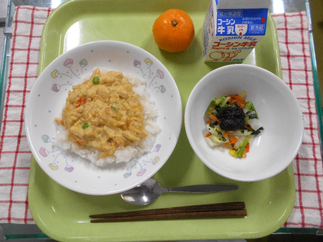 変わり親子丼は鉄分強化献立です。鉄分を多く含む高野豆腐を加えた親子丼です。片栗粉でとろみをつけて絶妙なタイミングで卵を流し入れながら加熱することでふんわり仕上がります。いそか和えは、のり入りのたれを和えた和え物です。のりの風味がしっかりと感じられます。
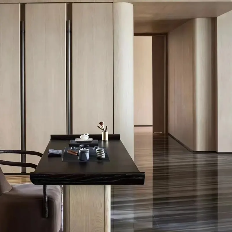 Dark Brown Quartzite är ett vanligt verktyg för designers som harmoniserar med träelement eller lägger till kontrast till ljusa teman. Att kombinera naturlig kvartssten med bleka skogar och vita väggar i skandinaviska hus ger ett sofistikerat och fridfullt utrymme. För dramatisk påverkan på djärva interiörer, blanda svarta eller djupa gröna skåp med brasilianska kvartsitplattor.
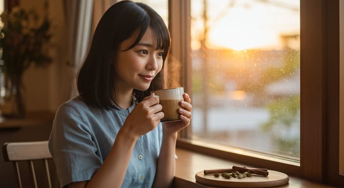 お気に入りのマグカップで、湯気と香りに包まれながら、ゆっくり一息。カップを両手で包み込むと、立ちのぼる香りが一日の疲れをやさしく癒してくれます。
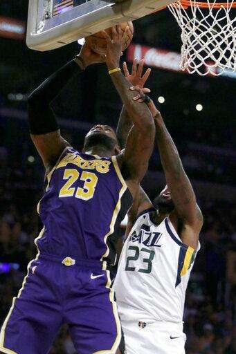 Los Angeles Lakers forward LeBron James, left, goes up next to Utah Jazz forward Royce O'Neale, right, during the second half of an NBA basketball game in Los Angeles, Friday, Oct. 25, 2019. (AP Photo/Alex Gallardo) The Associated Press
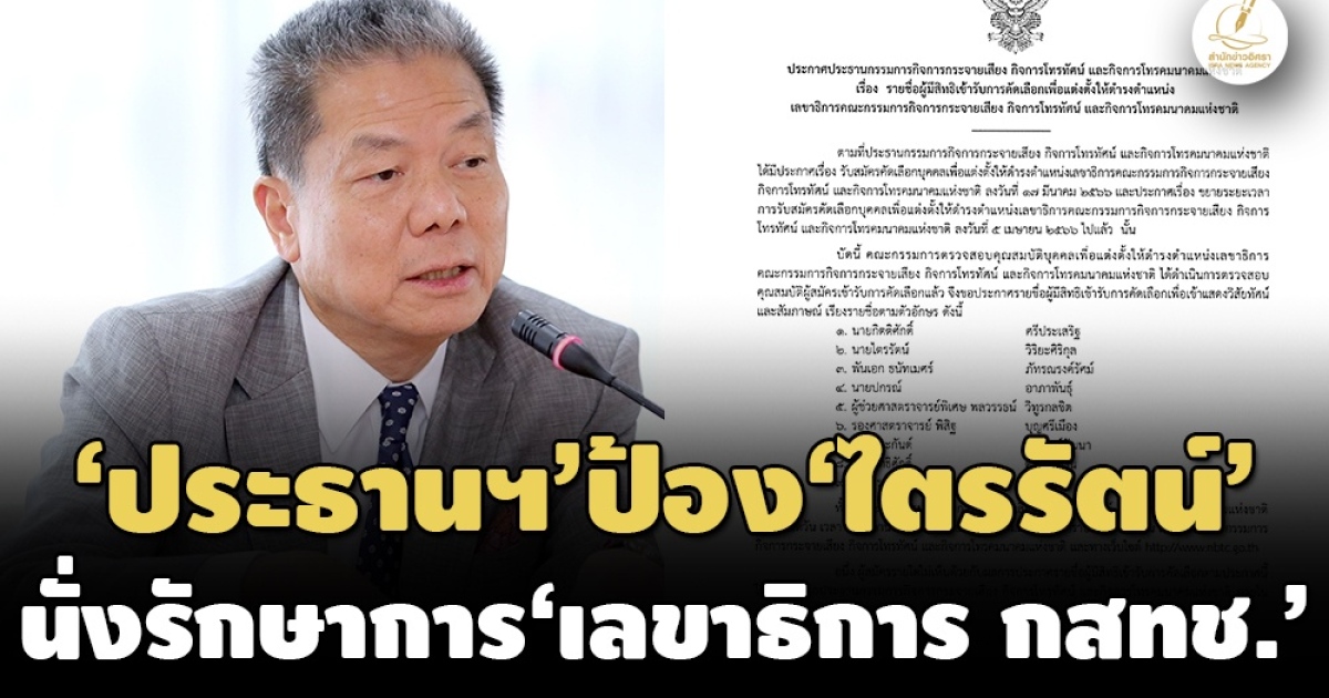 สำนักข่าวอิศรารายงานเพิ่มเติมว่า เมื่อวันที่ 27 มิ.ย.ที่ผ่านมา ศ.คลินิก นพ.สรณ บุญใบชัยพฤกษ์ ได้ลงนามประกาศประธานกรรมการกิจการกระจายเสียง กิจการโทรทัศน์ และกิจการโทรคมนาคมแห่งชาติ เรื่อง รายชื่อผู้มีสิทธิเข้ารับการคัดเลือกเพื่อแต่งตั้งให้ดำรงตำแหน่งเลขาธิการคณะกรรมการกิจการกระจายเสียง กิจการโทรทัศน์ และกิจการโทรคมนาคมแห่งชาติ และให้ผู้มีสิทธิเข้ารับการคัดเลือกฯ เข้าแสดงวิสัยทัศน์และสัมภาษณ์ตามวันเวลาที่กำหนด
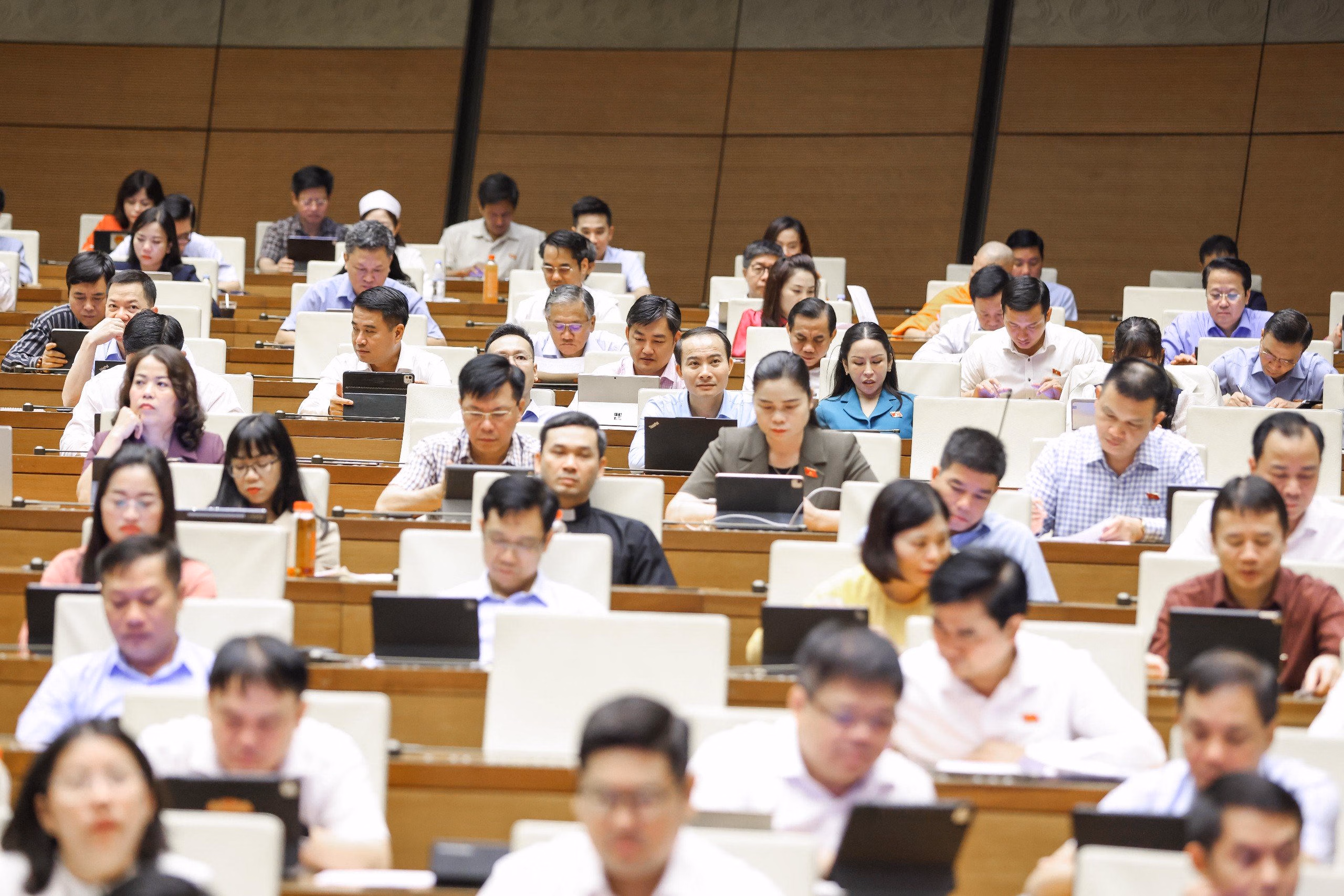 Đầu giờ sáng, Quốc hội thảo luận ở hội trường về dự thảo Nghị quyết của Quốc hội về một số cơ chế, chính sách đột phá phát triển văn hoá Việt Nam.
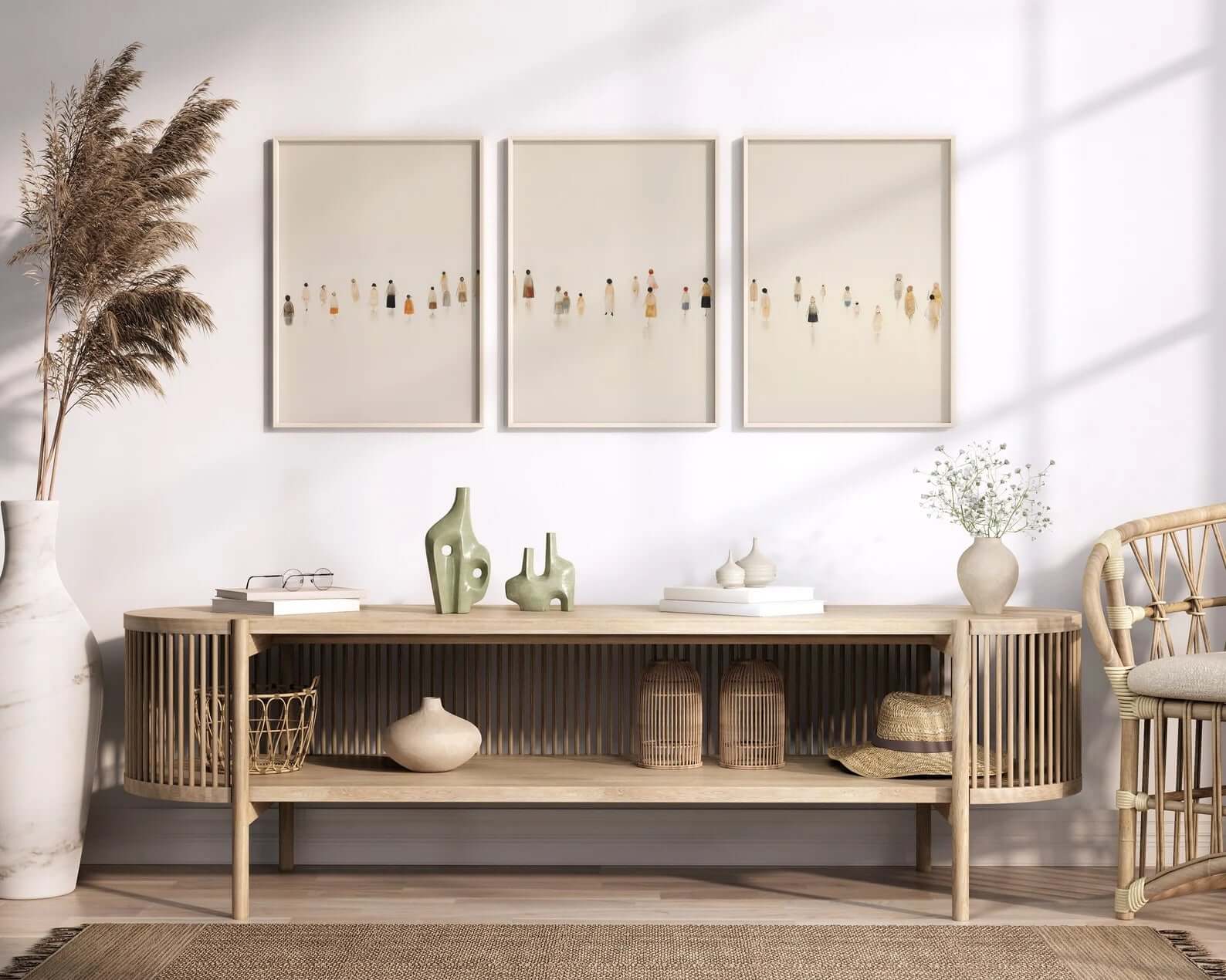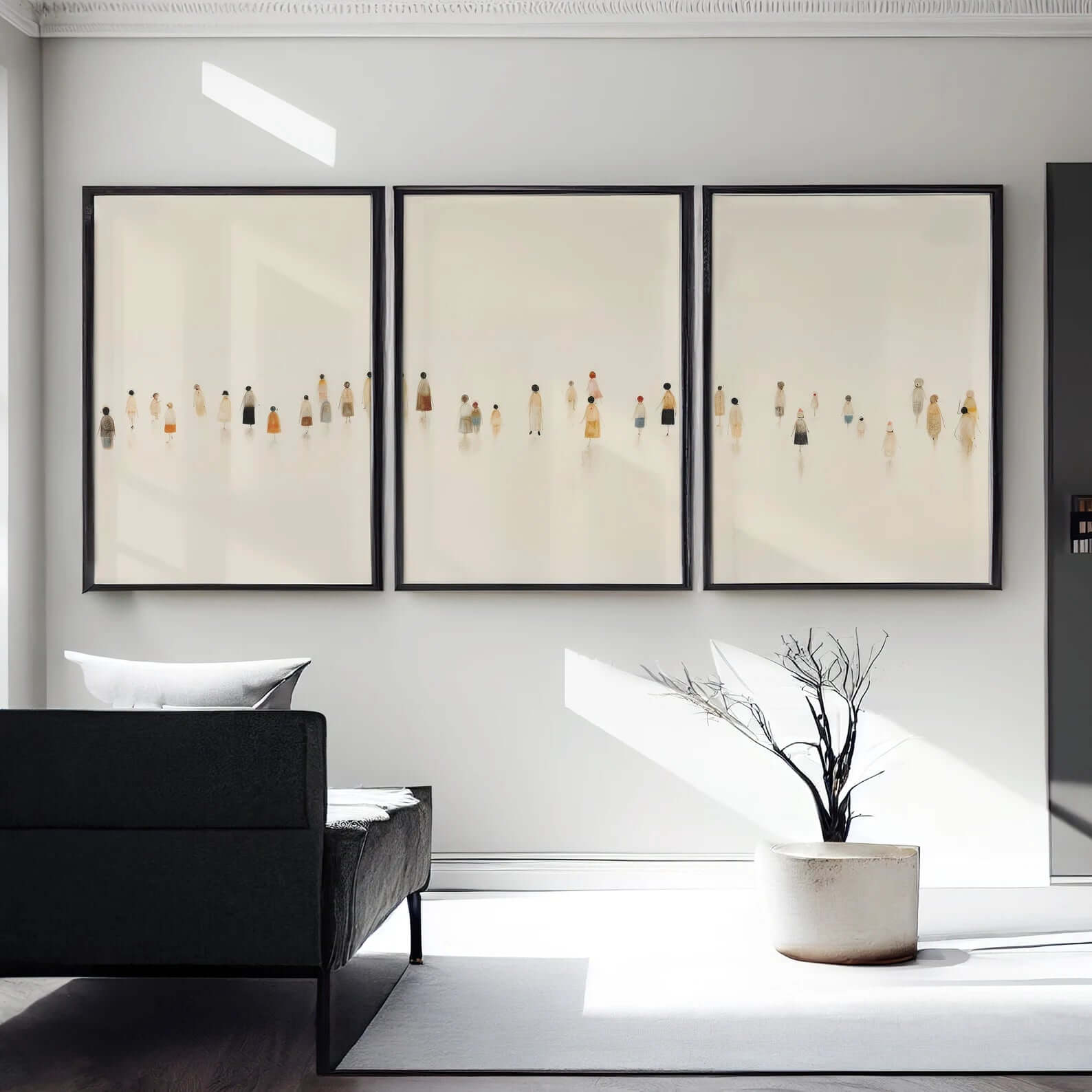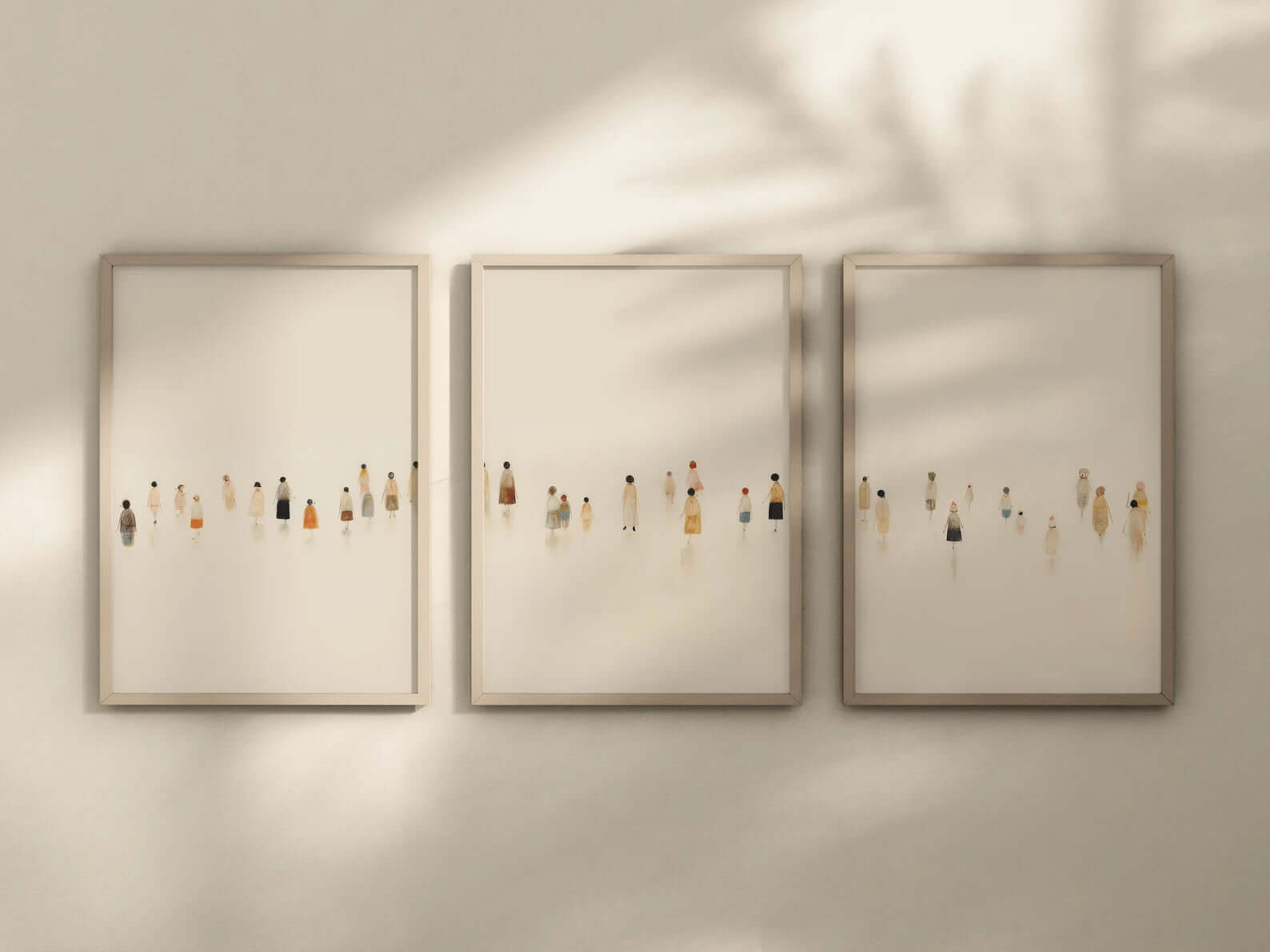 Soft Figures Billedvæg er en moderne og stemningsfuld billedvæg bestående af tre matchende plakater med små, stiliserede figurer i rolige beige og varme jordtoner. Det minimalistiske udtryk kombineret med de fine menneskelige detaljer skaber en rolig, poetisk stemning, der inviterer til fordybelse.

Task instructions. Given the entries above, transcribe exactly the lines from the one holding "Los Angeles Lakers" through the one holding "สำนักข่าวอิศรารายงานเพิ่มเติมว่า เมื่อวันที่ 27"; pictures do not belong in the transcription.

Problem solution.
 Los Angeles Lakers forward LeBron James, left, goes up next to Utah Jazz forward Royce O'Neale, right, during the second half of an NBA basketball game in Los Angeles, Friday, Oct. 25, 2019. (AP Photo/Alex Gallardo) The Associated Press
 สำนักข่าวอิศรารายงานเพิ่มเติมว่า เมื่อวันที่ 27 มิ.ย.ที่ผ่านมา ศ.คลินิก นพ.สรณ บุญใบชัยพฤกษ์ ได้ลงนามประกาศประธานกรรมการกิจการกระจายเสียง กิจการโทรทัศน์ และกิจการโทรคมนาคมแห่งชาติ เรื่อง รายชื่อผู้มีสิทธิเข้ารับการคัดเลือกเพื่อแต่งตั้งให้ดำรงตำแหน่งเลขาธิการคณะกรรมการกิจการกระจายเสียง กิจการโทรทัศน์ และกิจการโทรคมนาคมแห่งชาติ และให้ผู้มีสิทธิเข้ารับการคัดเลือกฯ เข้าแสดงวิสัยทัศน์และสัมภาษณ์ตามวันเวลาที่กำหนด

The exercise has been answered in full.